◆ **AIM OF THE EXERCISE**
Would you mind restating all of the records word for word, skipping the pictures?

##### RECORDS PROVIDED

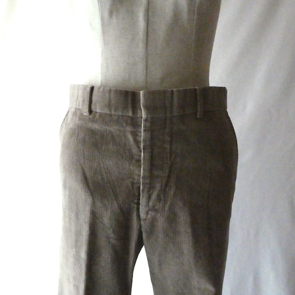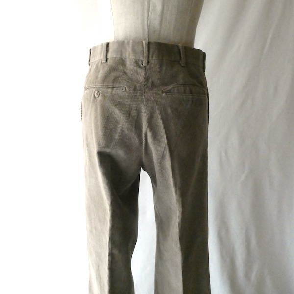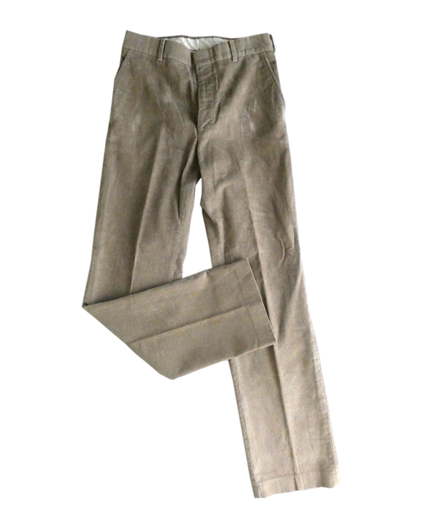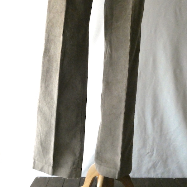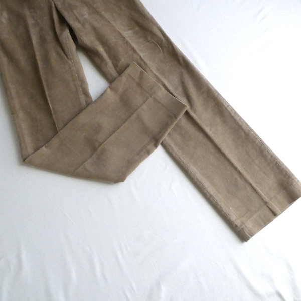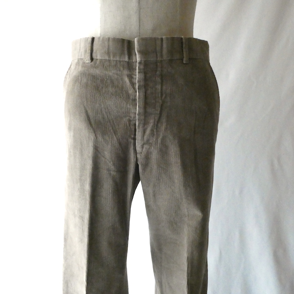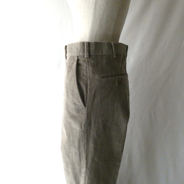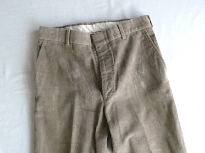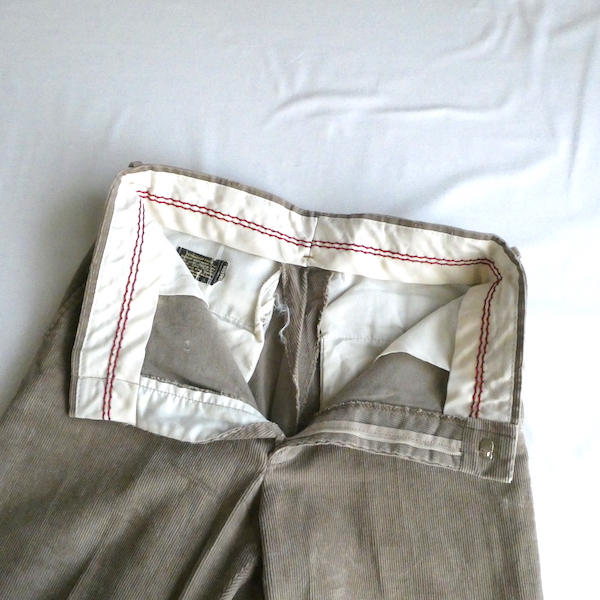 マクレガーのコーデュロイパンツです。タック無しのタイトなウエスト周りからスッと綺麗に落ちるシルエット。細畝のオークベージュカラーで広くシーズンをカバー出来そうなアイテム。1本あると着まわせて便利ですよ。
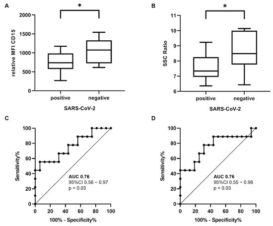 Immunophenotypic differences of the circulating neutrophil granulocytes. CD15 (A) and SSC ratio (B) were significantly reduced in patients with SARS-CoV-2 infection (difference ± SD; 295.70 ± 117.50 MFI; p = 0.02 and 1.11 ± 0.43 SSC ratio; p = 0.02). ROC curves showed an AUC of 0.76 for the CD15 (C) and SSC ratio (D). Mann–Whitney U test * p < 0.05 (abbreviations: n = number; MFI = mean fluorescence intensity; SSC = side-scatter; SARS-CoV-2 = severe acute respiratory syndrome coronavirus 2; AUC = area under curve; CI = confidence interval; ROC = receiver operating characteristic).
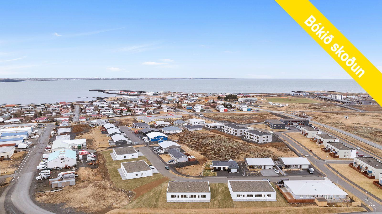 Lóð: hellulagt bílastæði fyrir framan hús með hitalögn. Fyrir aftan hús er hellulögð verönd. Að öðru leyti er lóðin tyrfð.
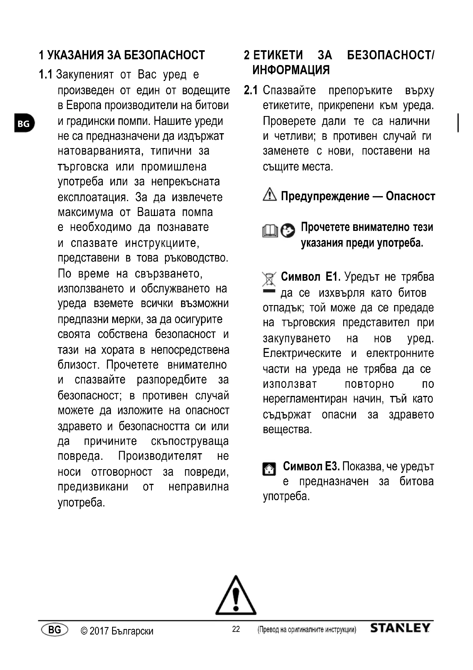 Символ E3. Показва, че уредът е предназначен за битова употреба.23 (Превод на оригиналните инструкции) © 2017 Български (Превод на оригиналните инструкции) © 2017 Български
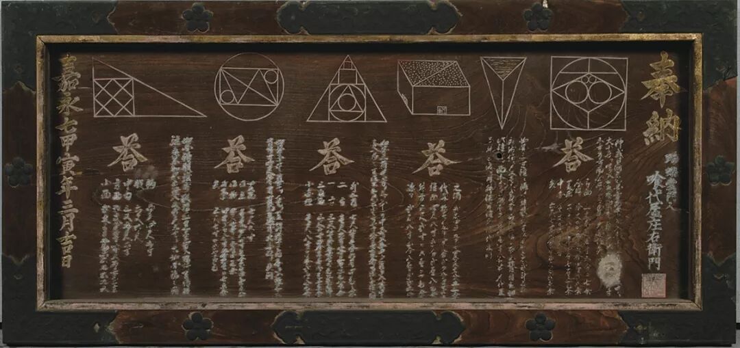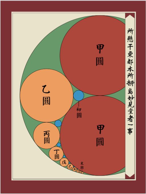 这个时代的日本人制作了许多彩色的木版画,上面描绘了各式各样的几何问题。这些木板被称为算额(sangaku),就是带有数学题的木板的意思。
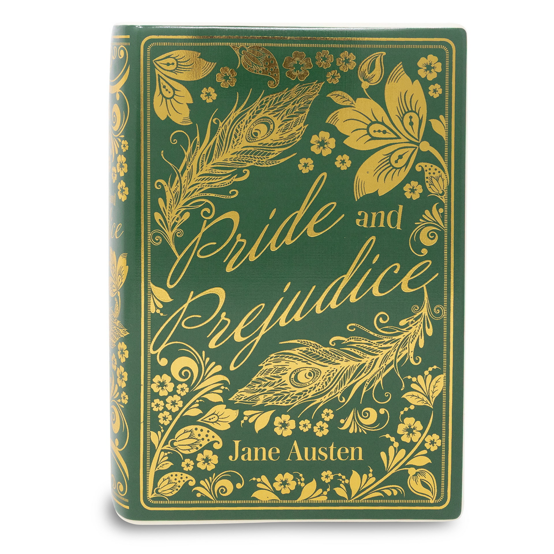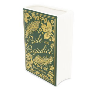 This large ceramic book vase is the perfect piece for any book lover's space. Designed to mimic a hardcover book, the vase features sculpted pages, with a wide top opening for flowers, desk supplies, utensils, and more. The cover features art inspired by Jane Austen's beloved novel Pride and Prejudice to adorn your space with classical and bookish charm. This collector's edition features shiny gold foil details.
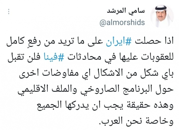 وأشار في تغريدة على حسابه بموقع التدوين المصغر تويتر، اليوم "إذا حصلت إيران على ما تريد من رفعٍ كامل للعقوبات عليها في محادثات فينا فلن تقبل بأي شكل من الأشكال أي مفاوضات أخرى حول البرنامج الصاروخي والملف الإقليمي".

##########

◆ **RESULT OF THE EXERCISE**
 マクレガーのコーデュロイパンツです。タック無しのタイトなウエスト周りからスッと綺麗に落ちるシルエット。細畝のオークベージュカラーで広くシーズンをカバー出来そうなアイテム。1本あると着まわせて便利ですよ。
 Immunophenotypic differences of the circulating neutrophil granulocytes. CD15 (A) and SSC ratio (B) were significantly reduced in patients with SARS-CoV-2 infection (difference ± SD; 295.70 ± 117.50 MFI; p = 0.02 and 1.11 ± 0.43 SSC ratio; p = 0.02). ROC curves showed an AUC of 0.76 for the CD15 (C) and SSC ratio (D). Mann–Whitney U test * p < 0.05 (abbreviations: n = number; MFI = mean fluorescence intensity; SSC = side-scatter; SARS-CoV-2 = severe acute respiratory syndrome coronavirus 2; AUC = area under curve; CI = confidence interval; ROC = receiver operating characteristic).
 Lóð: hellulagt bílastæði fyrir framan hús með hitalögn. Fyrir aftan hús er hellulögð verönd. Að öðru leyti er lóðin tyrfð.
 Символ E3. Показва, че уредът е предназначен за битова употреба.23 (Превод на оригиналните инструкции) © 2017 Български (Превод на оригиналните инструкции) © 2017 Български
 这个时代的日本人制作了许多彩色的木版画,上面描绘了各式各样的几何问题。这些木板被称为算额(sangaku),就是带有数学题的木板的意思。
 This large ceramic book vase is the perfect piece for any book lover's space. Designed to mimic a hardcover book, the vase features sculpted pages, with a wide top opening for flowers, desk supplies, utensils, and more. The cover features art inspired by Jane Austen's beloved novel Pride and Prejudice to adorn your space with classical and bookish charm. This collector's edition features shiny gold foil details.
 وأشار في تغريدة على حسابه بموقع التدوين المصغر تويتر، اليوم "إذا حصلت إيران على ما تريد من رفعٍ كامل للعقوبات عليها في محادثات فينا فلن تقبل بأي شكل من الأشكال أي مفاوضات أخرى حول البرنامج الصاروخي والملف الإقليمي".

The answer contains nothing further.